Here's one way you could do what you want. This is pseudo-code, I haven't written enough to compile and test it but you should get the picture.
Define a function, let's call it fun1 which takes inter alia an integer array argument, perhaps like this
<type> function fun1(indices, other_arguments)
integer, dimension(:), intent(in) :: indices
...
which you might call like this
fun1([4,5,6],...)
and the interpretation of this is that the function is to use a loop-nest 3 levels deep like this:
do ix = 1,4
do jx = 1,5
do kx = 1,6
...
Of course, you can't write a loop nest whose depth is determined at run-time (not in Fortran anyway) so you would flatten this into a single loop along the lines of
do ix = 1, product(indices)
If you need the values of the individual indices inside the loop you'll need to unflatten the linearised index. Note that all you are doing is writing the code to transform array indices from N-D into 1-D and vice versa; this is what the compiler does for you when you can specify the rank of an array at compile time. If the inner loops aren't to run over the whole range of the indices you'll have to do something more complicated, careful coding required but not difficult.
Depending on what you are actually trying to do this may or may not be either a good or even satisfactory approach. If you are trying to write a function to compute a value at each element in an array whose rank is not known when you write the function then the preceding suggestion is dead flat wrong, in this case you would want to write an elemental function. Update your question if you want further information.
you can define your function to have a List argument, which is initially empty
void f(int num,List argumentsSoFar){
// call f() for num+1..Nmax
for(i = num+1 ; i < Nmax ; i++){
List newArgs=argumentsSoFar.clone();
newArgs.add(i);
f(i,newArgs);
}
if (num+1==Nmax){
// do the work with your argument list...i think you wanted to arrive here ;)
}
}
caveat: the stack should be able to handle Nmax depth function calls
Yet another way to achieve what you desire is based on the answer by High Performance Mark, but can be made more general:
subroutine nestedLoop(indicesIn)
! Input indices, of arbitrary rank
integer,dimension(:),intent(in) :: indicesIn
! Internal indices, here set to length 5 for brevity, but set as many as you'd like
integer,dimension(5) :: indices = 0
integer :: i1,i2,i3,i4,i5
indices(1:size(indicesIn)) = indicesIn
do i1 = 0,indices(1)
do i2 = 0,indices(2)
do i3 = 0,indices(3)
do i4 = 0,indices(4)
do i5 = 0,indices(5)
! Do calculations here:
! myFunc(i1,i2,i3,i4,i5)
enddo
enddo
enddo
enddo
enddo
endsubroutine nestedLoop
You now have nested loops explicitly coded, but these are 1-trip loops unless otherwise desired.

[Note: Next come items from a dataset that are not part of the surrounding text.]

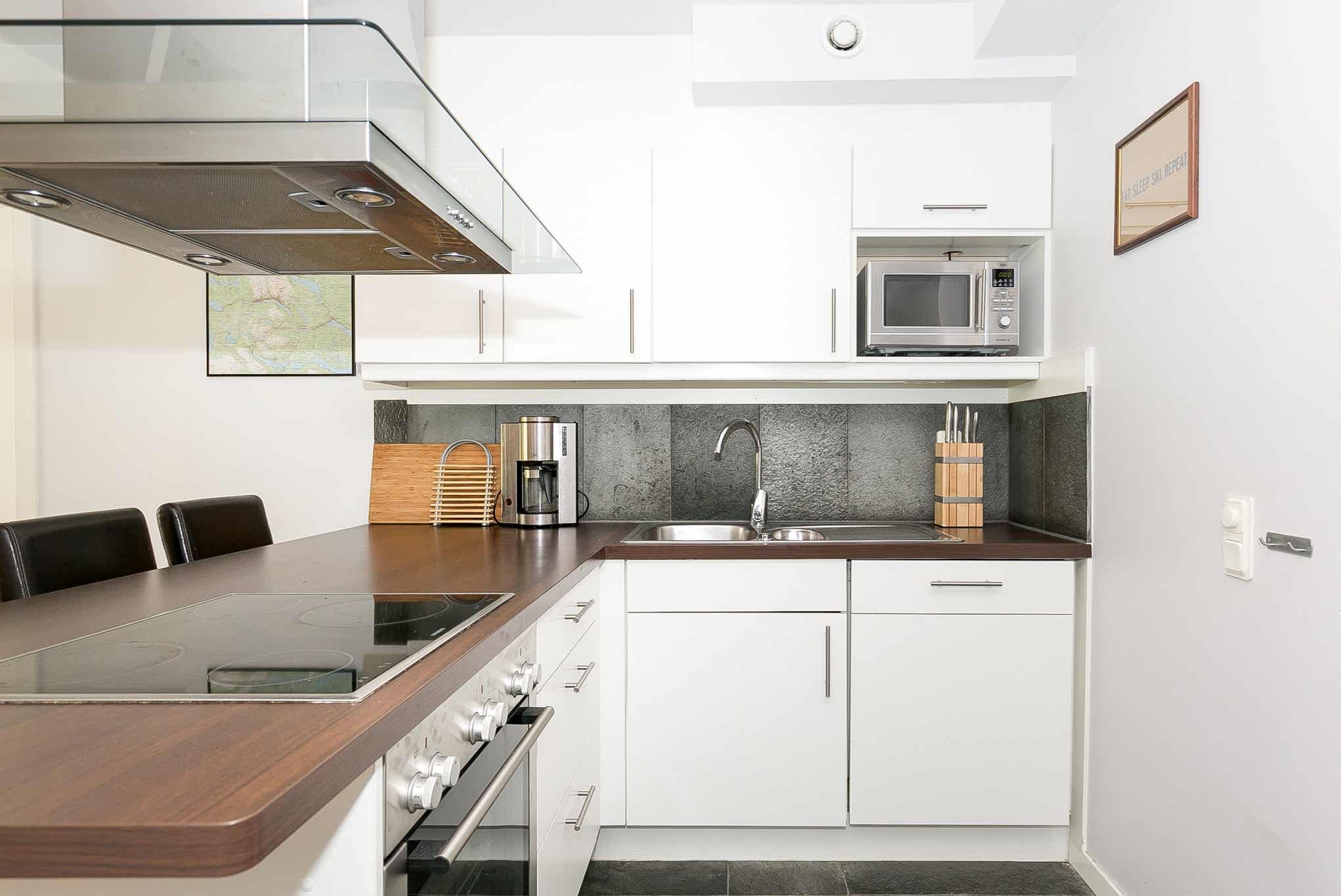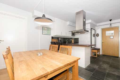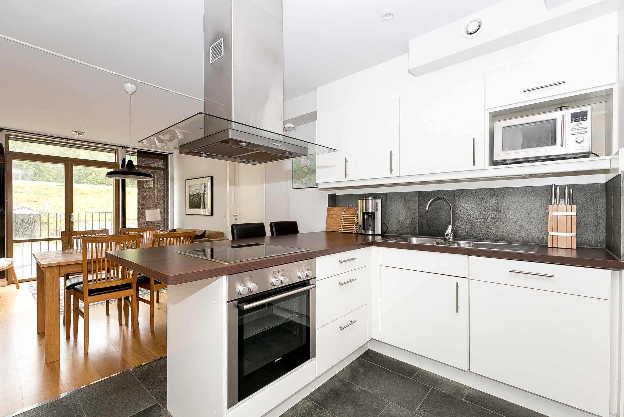 Keuken is voorzien van fornuis met oven, koelkast met vriesvak, vaatwasser, magnetron.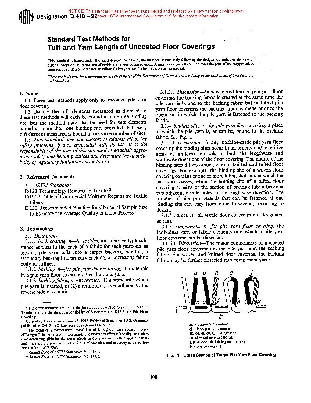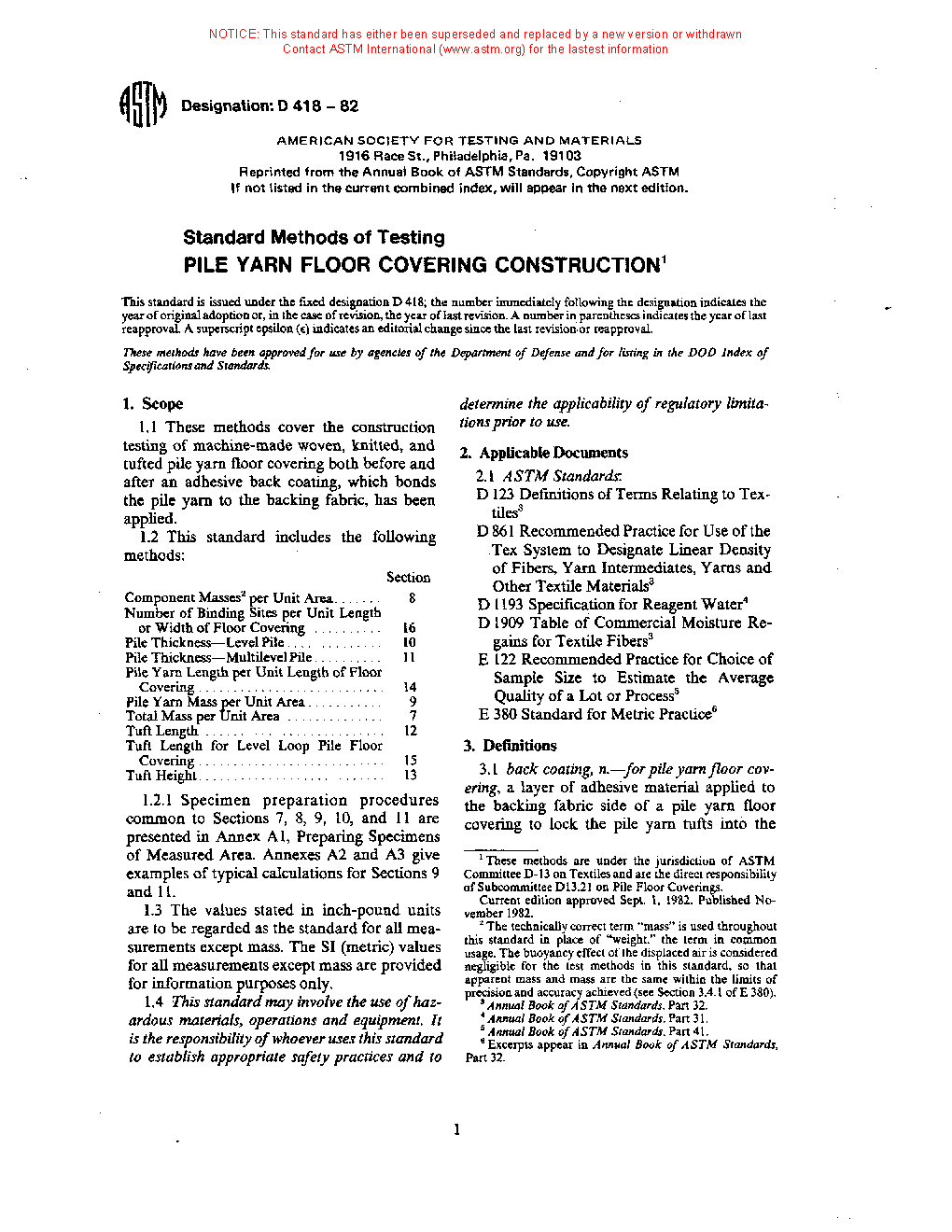 Standard Methods of Testing Pile Yarn Floor Covering Construction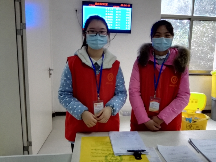 ??? 吳暢、王宜、祝文斌、羅霽萍、吳琛凱、劉翌純、陳侃琪、吳利婷、毛豐怡、毛佳雯、汪鄭妙、朱夢珂、鄭思綺、徐諾、王慧佳、廖周佳、周穎、潘正照、翁文淵、丁潔元等20人在衢州市人民醫(yī)院做志愿者,主要來自寒假學(xué)生志愿者, 志愿者們主要為患者指路引導(dǎo),陪伴行動不便、年老體弱患者就診,指導(dǎo)患者自助服務(wù)機使用方法,引導(dǎo)患者化驗前取號、打印化驗單,協(xié)助門診大廳工作人員疏導(dǎo)病人。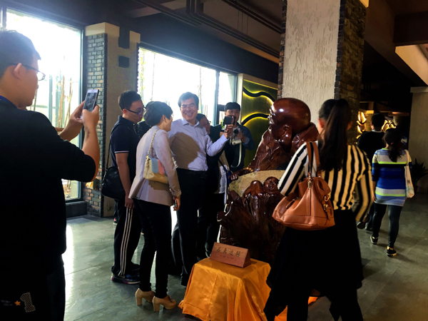 從服務(wù)中心的家具展銷館到木文化長(zhǎng)廊,采訪團(tuán)成員被一件件堪比藝術(shù)品的木雕、家具、珍稀古木等展品吸引,其中,山東泰森日利木業(yè)有限公司展出的紅木家具更是引得記者們贊嘆連連。令人難以想象的是,就在幾年前,泰森日利還僅僅是一家加工膠合板的老木板廠;如今,公司已經(jīng)由單純的板材生產(chǎn)加工型企業(yè)向高端木制品生產(chǎn)領(lǐng)域拓展,還能為消費(fèi)者提供數(shù)碼定制家具的智能服務(wù),不僅延伸了產(chǎn)業(yè)鏈條,更通過轉(zhuǎn)型升級(jí)成功開拓了更新更廣闊的市場(chǎng)。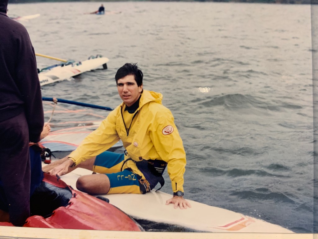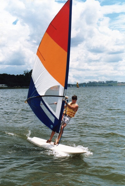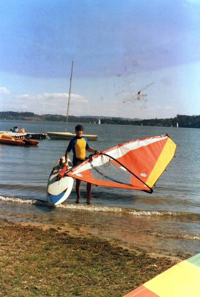 No ano seguinte, querendo velejar sozinho e apaixonado pelo windsurf, que via passando rápido por nosso Lightning, comprei minha primeira prancha na famosa loja de equipamentos Team Brasil, de propriedade de duas pessoas fantásticas, o Marcão e a Tânia, que ficava localizada na Avenida dos Bandeirantes.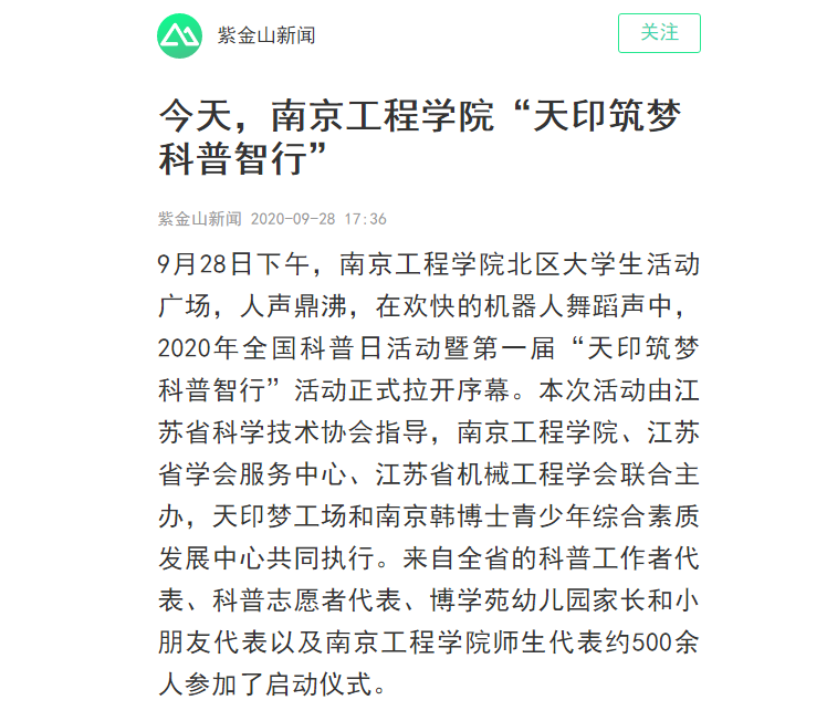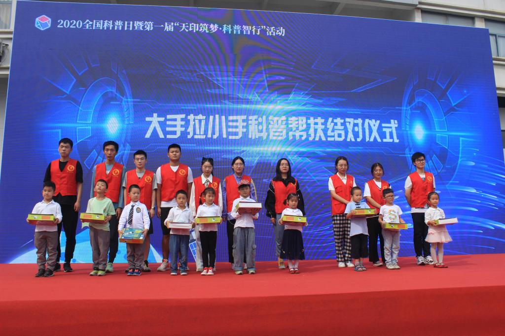 9月28日下午,beat365官方网站北区大学生活动广场,人声鼎沸,在欢快的机器人舞蹈声中,2020年全国科普日活动暨第一届“天印筑梦 科普智行”活动正式拉开序幕。本次活动由江苏省科学技术协会指导,beat365官方网站、江苏省学会服务中心、江苏省机械工程学会联合主办,天印梦工场和南京韩博士青少年综合素质发展中心共同执行。来自全省的科普工作者代表、科普志愿者代表、博学苑幼儿园家长和小朋友代表以及beat365官方网站师生代表约500余人参加了启动仪式。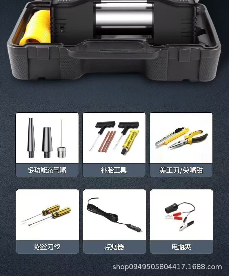 车载充气泵汽车用大功率多功能便携式电动双缸高压速冲轮胎打气泵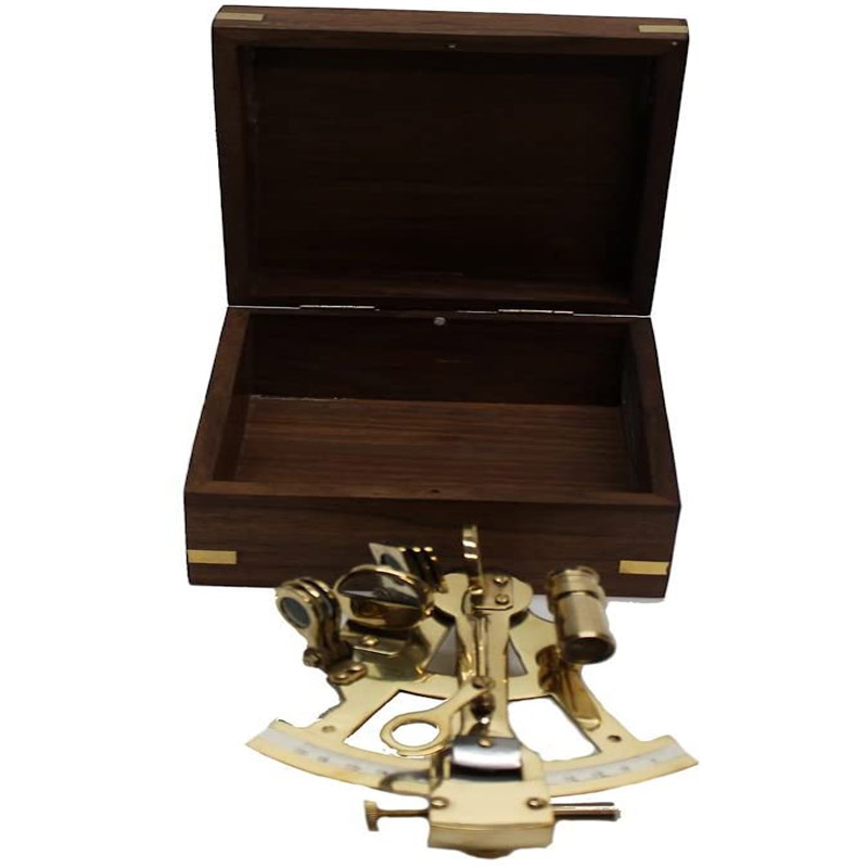 QUALITY PRODUCT: This is a functional brass sextant with an antique brass finish. It is safely packed in a beautiful rose wooden box. This brass sextant is made from premium quality Brass. This high-quality jeweled sextant determines Longitude and Latitude.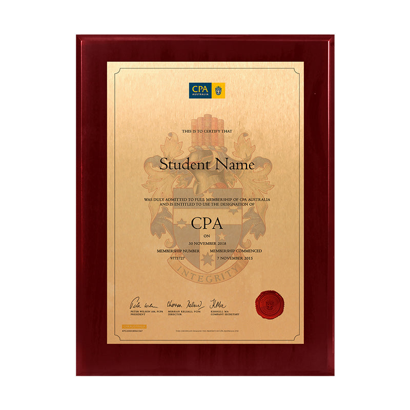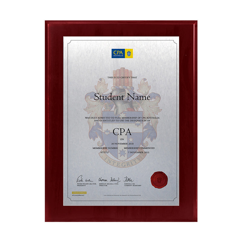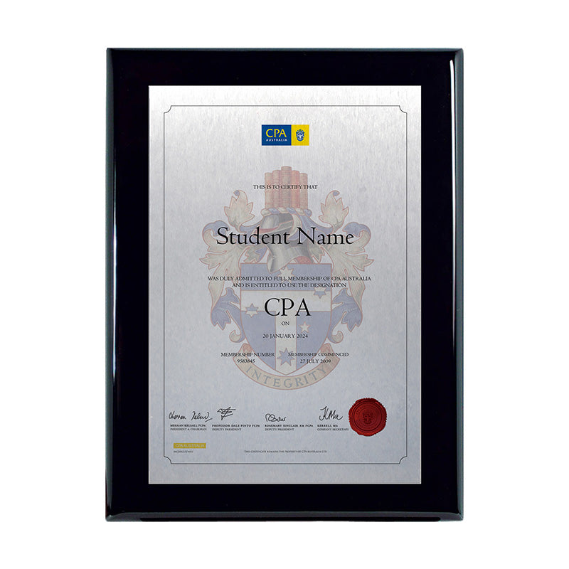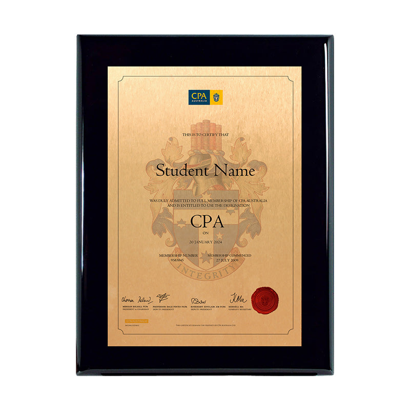 We will require a copy of your certificate in order to produce your plaque. Please email a copy to info@gfp.com.au. If you haven’t received your certificate from your university yet, please let us know, and we will keep your order on hold in the meantime. Your certificate will then be reproduced onto your plaque.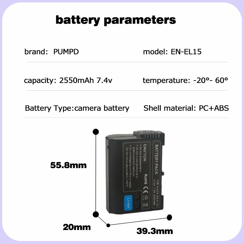 PUMPD EN-EL15 Battery Charger for Nikon D7000, D7100, D7200, D7500, Z5, Z6, Z7, Z8II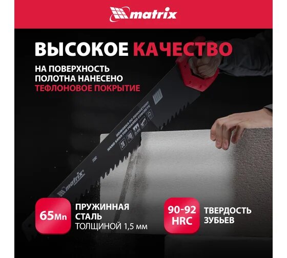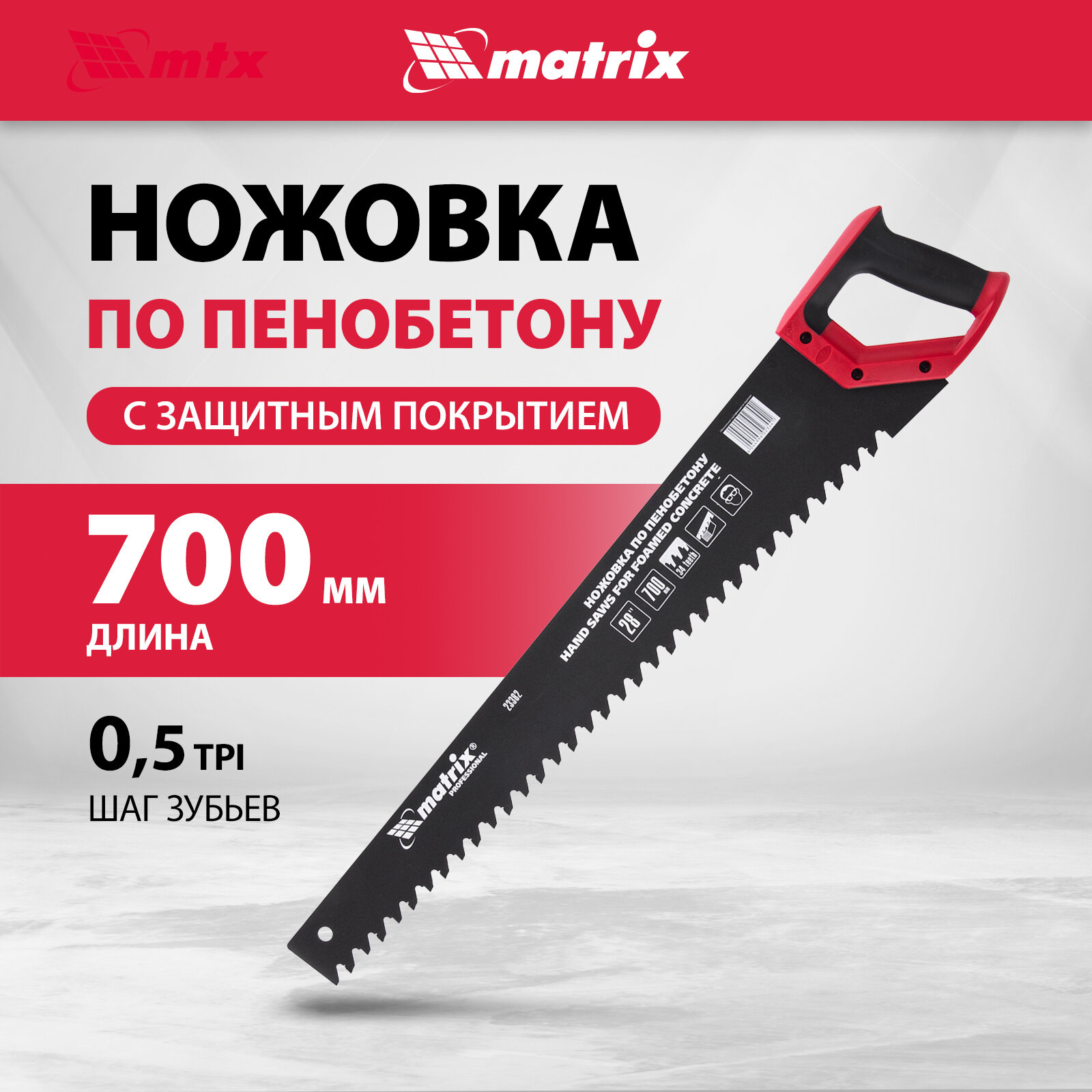 Ножовка по пенобетону, 700 мм, защитное покрытие, твердосплавные напайки на зубья, двухкомпонентная рукоятка Matrix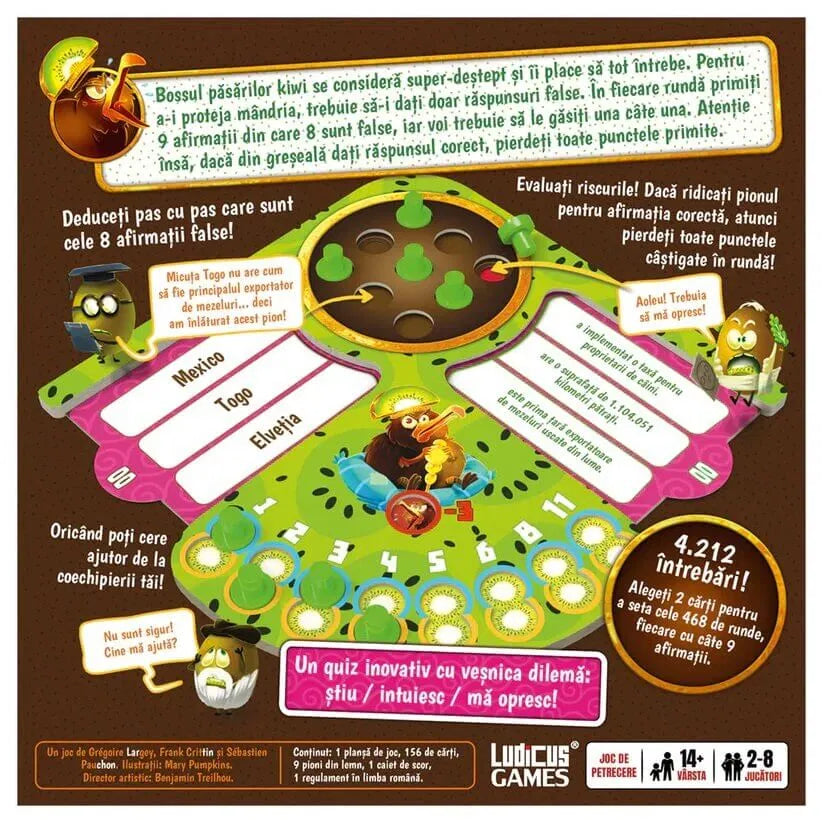 Marele Kiwiz, lb. romana, este joc de petrecere inovator, interactiv si teribil de inteligent! Raspunde la intrebari triviale si gestioneaza-ti riscul pentru a castiga puncte pentru echipa ta!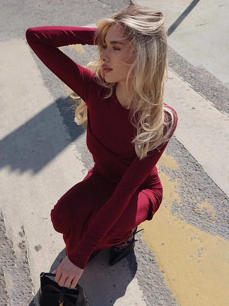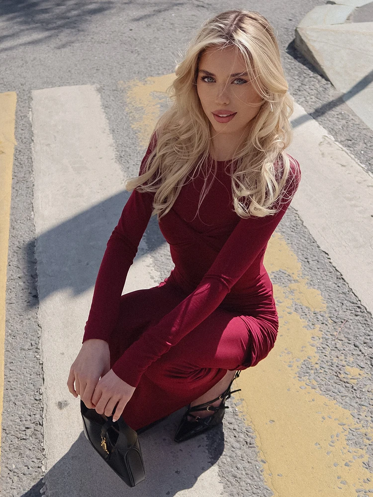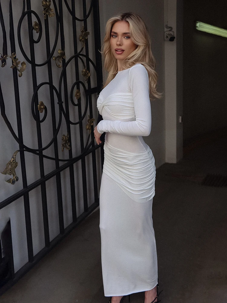 Lunivop Sexy Round Neck Ruched Knot Women Maxi Dress White Long Sleeve Evening Dress Female Autumn Skinny Elegant Party Clubwear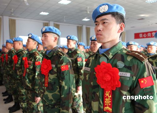 1月8日上午, 濟(jì)南軍區(qū)第二批赴蘇丹達(dá)爾富爾維和工程兵大隊(duì)出征誓師大會(huì)在某裝甲師舉行,300多名官兵將在8個(gè)月的維和行動(dòng)中展現(xiàn)中國(guó)軍隊(duì)的良好形象。中新社發(fā) 畢華明 攝

Note that if you intend to construct arrays of rank that depends on the nested loop depth, you can go up to rank of 7, or 15 if you have a compiler that supports it (Fortran 2008). You can now try:
call nestedLoop([1])
call nestedLoop([2,3])
call nestedLoop([1,2,3,2,1])
You can modify this routine to your liking and desired applicability, add exception handling etc.
From an OOP approach, each loop could be represented by a "Loop" object - this object would have the ability to be constructed while containing another instance of itself. You could then theoretically nest these as deep as you need to.
Loop1 would execute Loop2 would execute Loop3.. and onwards.